# Trouble sleeping...



## BigMac123 (Jul 6, 2014)

smoke weed ere day


----------



## tanstaafl28 (Sep 10, 2012)

Wontlookdown said:


> Not really. It's more my Ne chucking about ideas and my Ti being a dick and looking me to act on them.


What Ne?


----------



## tanstaafl28 (Sep 10, 2012)

BigMac123 said:


> smoke weed ere day


Make it a treat. Every day just makes you stupid and lazy.


----------



## BigMac123 (Jul 6, 2014)

hmm no not really, it more depends on the person themselves, and as far as it making you stupid goes, thats bullshit


----------



## mikan (May 25, 2014)

1. Listen to delta waves.






2. Listen to sleepy, calming meditation music or ambient music.
3. Drink a glass of warm milk before you sleep.
4. Avoid caffeine and any stimulants.


----------



## Max (Aug 14, 2014)

tanstaafl28 said:


> What Ne?


I dunno, it turns out that my Ne is actually Se.
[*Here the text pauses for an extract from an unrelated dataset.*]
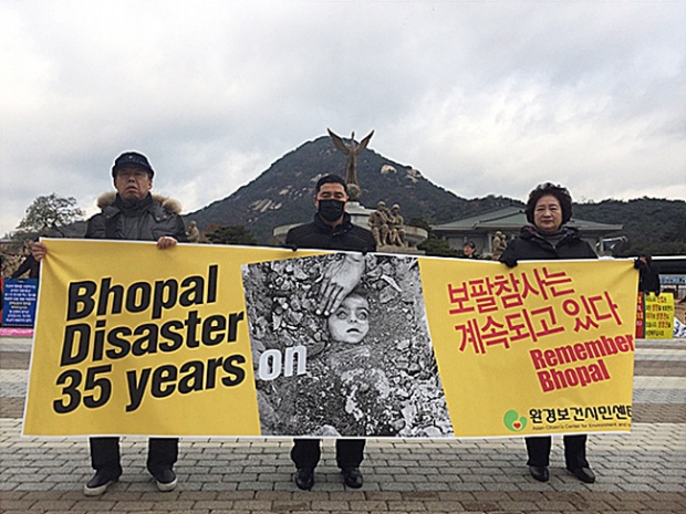 환경보건시민센터 회원들이 인도 보팔참사 35주년을 맞이해 보팔참사를 잊지 말자는 기자회견을 진행했다 사진제공 환경보건시민센터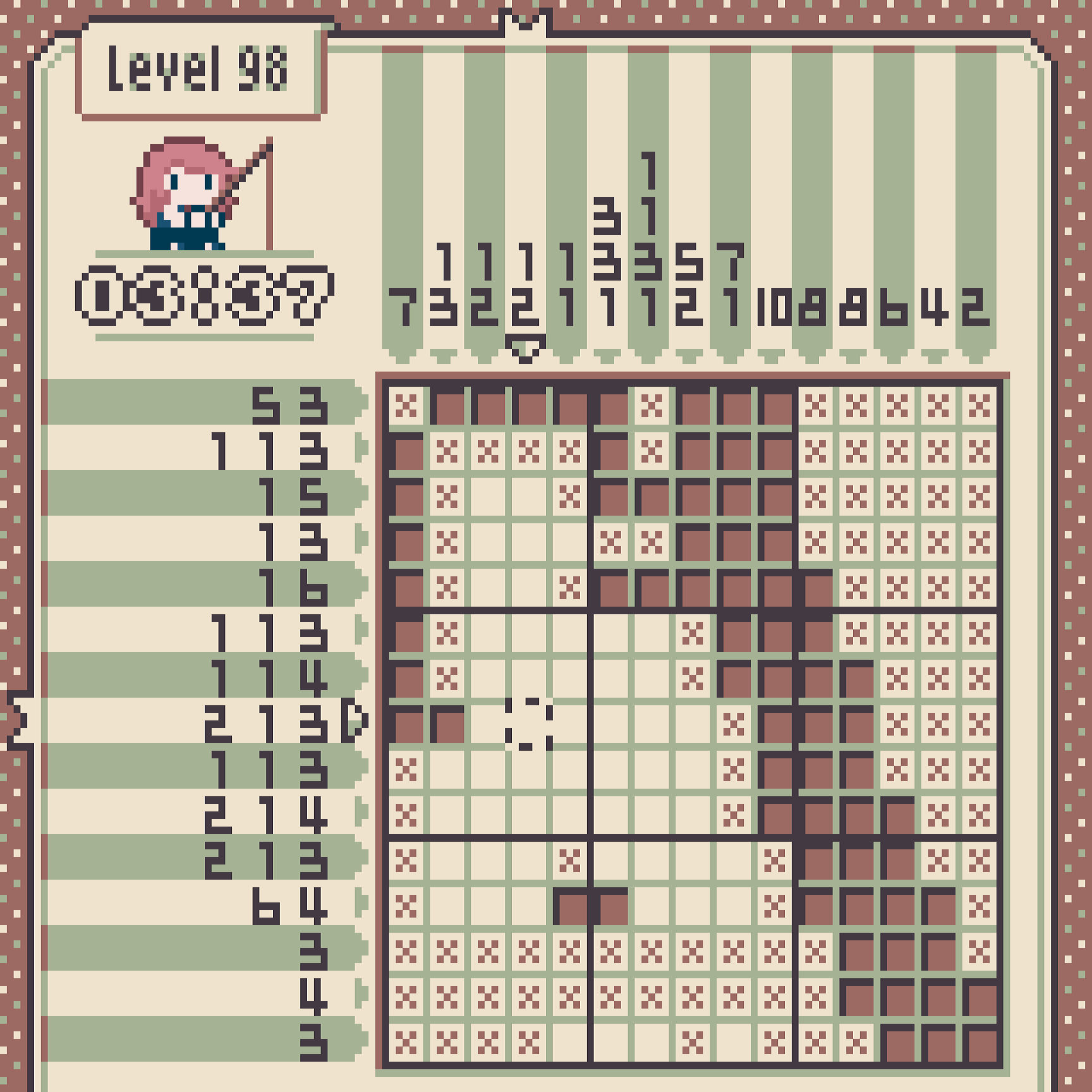 Walfie's Nonograms is a retro-styled logic puzzle game where each puzzle you complete transforms into a charming pixel art piece. Inspired by the Game Boy Color, the game evokes nostalgia with its classic color palette and minimalist design. Your task is to find the hidden numbers along rows and columns and uncover hidden images in Walfie's signature style.

Knew it. My Se can be an asshole sometimes, when it wants to explore, but other times it can be useful as hell. Like this weekend


----------



## OberonHuxley (Jun 2, 2013)

BigMac123 said:


> hmm no not really, it more depends on the person themselves, and as far as it making you stupid goes, thats bullshit



I can attest to weed making people stupid. It makes them exceptionally dull around the edges but some do fall through the cracks and succeed.


----------



## BigMac123 (Jul 6, 2014)

OberonHuxley said:


> It makes them exceptionally dull


In what way? i would agree that weed makes many people a little dopey after a while, but intelligence/stupidity is such a vast area of life based on endless factors, you don't just become one or the other.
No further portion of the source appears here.